Женщина посмотрела на меня с любопытством:
— Вы единственный, кого он хотел увидеть. Кроме доктора и строителя, сюда никто не приходил.
«Строителя?» — удивился я, а сиделка тем временем продолжала рассказывать:
— Если не считать священника. Сегодня утром мастера Билкнапа соборовали. — Значит, его смерть была действительно близка. — Я проведу вас к нему, — сказала миссис Уоррен, ведя меня по пыльному коридору, и вдруг понизила голос: — Он не хочет открывать ставни, не знаю почему. Предупреждаю, у него в комнате плохо пахнет.
Она сказала правду. Когда дверь в полутемную комнату открылась, мне в нос ударил запах немытого тела и нездорового гнилого дыхания. Я вошел вслед за сиделкой. Комната была обставлена бедно — сундук для одежды, пара деревянных стульев, кровать и стол, заставленный пузырьками и флаконами с лекарствами. По крайней мере, кровать была широкой и с виду комфортабельной.
Билкнап всегда был сплошь кожа да кости, но теперь его фигура под одеялом напоминала скелет; кожа на черепе так натянулась, что на лице выступали только уши и нос, а руки лежали на простыне, как белые птичьи лапы.
— Кажется, он спит, — тихо сказала добрая миссис Уоррен и склонилась над умирающим. — Да, спит. Каждый раз, когда я наклоняюсь над ним, я думаю, что сейчас увижу, что он умер, но он еще дышит. — Впервые я услышал в ее голосе нотку человеческого сочувствия.
Она легонько встряхнула Стивена за плечо. Его глаза открылись — те незабудочно-голубые глаза, которые всегда блуждали и никогда не смотрели на людей прямо. Но сегодня он посмотрел мне в глаза, а потом с усилием улыбнулся, открыв желтые зубы.
— Брат Шардлейк. — Его голос был не громче шепота. — Ага, я знал, что если пошлю тебе золото, ты придешь.
Я пододвинул к кровати один из стульев. Билкнап взглянул на сиделку и коротко сказал:
— Уйдите, Джейн.
Она сделала книксен и вышла.
— Могу я что-нибудь для тебя сделать? — спросил я.
Мой давний враг устало покачал головой:
— Нет. Я просто хотел увидеть тебя в последний раз.

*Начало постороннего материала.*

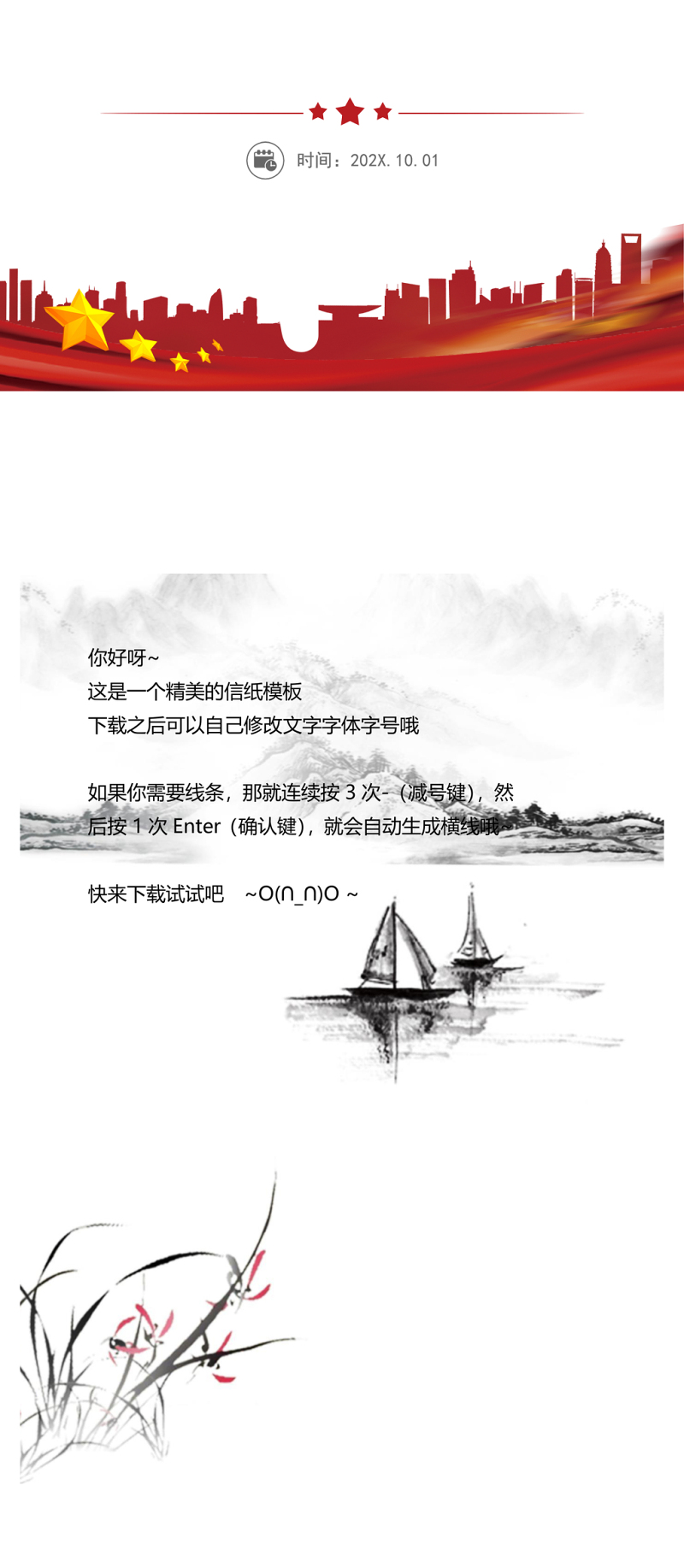 清新中国风背景信纸word模板

— Жаль видеть тебя в таком состоянии.
— Нет, — спокойно проговорил он. — Давай говорить начистоту. Ты всегда меня ненавидел, а я — тебя.

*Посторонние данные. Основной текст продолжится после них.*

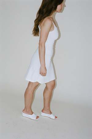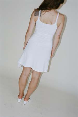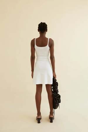 The Mirabelle Dress in White is made from 100% organic cotton, featuring a slim-fit silhouette and a flattering mid-thigh length. A delicate lace trim around the neckline adds a feminine and delicate touch, while the Opera logo2 branding in white on the chest complements its minimalist design. Simple yet elegant, this dress is ideal for casual or semi-formal occasions and can easily be layered for a fun, stylish twist.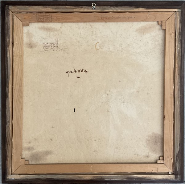 firmato in basso a destra, firmato al retro. In cornice (difetti)

Я не ответил. Дыхание с хрипом вырывалось у больного из груди. Потом он начал говорить шепотом, и я ощутил у себя на лице его зловонное, гнилостное дыхание:
— Что теперь будет?
— Никто из нас не может этого точно знать, брат Билкнап, — с чувством неловкости сказал я. — Мы все должны верить в Божье милосердие к нашим душам…
Глаза Стивена уставились в мои глаза.
— Нет, мы с тобой знаем лучше. Думаю, хотя бы в этом мы сходимся. Мы оба знаем, что у человека нет души — не больше, чем у кошек и собак. И потом не будет ничего. Ничего. Только темнота и тишина.
Я покачал головой:
— Я в этом не так уверен, как ты. Нельзя знать точно. Я не знаю, что такое или кто такой Бог, но возможно, он есть.

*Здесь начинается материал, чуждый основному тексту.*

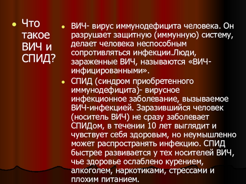 СПИД (синдром приобретенного иммунодефицита)- вирусное инфекционное заболевание, вызываемое ВИЧ-инфекцией. Заразившийся человек (носитель ВИЧ) не сразу заболевает СПИДом, в течении 10 лет выглядит и чувствует себя здоровым, но неумышленно может распространять инфекцию. СПИД быстрее развивается у тех носителей ВИЧ, чье здоровье ослаблено курением, алкоголем, наркотиками, стрессами и плохим питанием.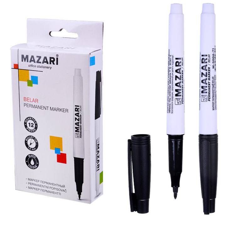 Маркер Mazari "Belar" черный, перманентный, остроконечный пиш.узел 1.5 мм.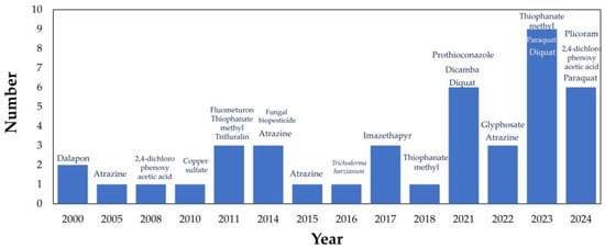 Figure 7 illustrates the evolution of the pesticides examined by the authors. Despite this trend, highly toxic substances such as paraquat and copper sulfate continue to be referenced in certain documents—likely due to their increasing use, particularly paraquat in 2024, given its high efficacy in weed control [64]. Novel hydrogel-based systems have been reported, including the study conducted by Dong et al. (2023) [53], which produced a metal–organic framework (MOF) nanoparticle synthesized from FeCl3 and 2-aminoterephthalic acid to address challenges associated with its application. The hydrogel material contains mesoporous crystalline cages that functioned as carriers for herbicide encapsulation. Additional studies have investigated nanocomposites—comprising methylcellulose or chitosan reinforced with zeolite and further enhanced by poly(methacrylic acid)-co-polyacrylamide—to mitigate or diminish the leakage of hazardous compounds, even under fluctuating pH circumstances. [56].

— Нет, — вздохнул Билкнап. — Надо мной совершили ритуалы, но только потому, что это было необходимо, чтобы составить завещание. — Он снова улыбнулся, и в глазах его появилась мечтательность. — Все мои деньги, все мое золото уйдет на постройку огромной мраморной гробницы в церкви в Линкольнс-Инн, позолоченной и расписанной гробницы, с изображением меня в натуральную величину в моей робе сверху. И гробница будет окаймлена золотом, чтобы все будущие поколения помнили брата Стивена Билкнапа. Я оговорил все детали с человеком, который построит ее. — Умирающий еле слышно рассмеялся. — Казначей Роуленд очень меня отговаривал, но золото одолело все доводы, как одолевает всегда.
Я не знал, что сказать. Билкнап наверняка знал, как его не любят. Был ли это последний вызов всем — построить памятник величественнее, чем у любого другого? Я с грустью подумал, что на это ушло все заработанное им за всю жизнь. Но кое-что меня озадачило.
— Ты говоришь, что уверен, будто никакой жизни после смерти нет, и все же спросил меня, что будет потом, — обратился я к нему.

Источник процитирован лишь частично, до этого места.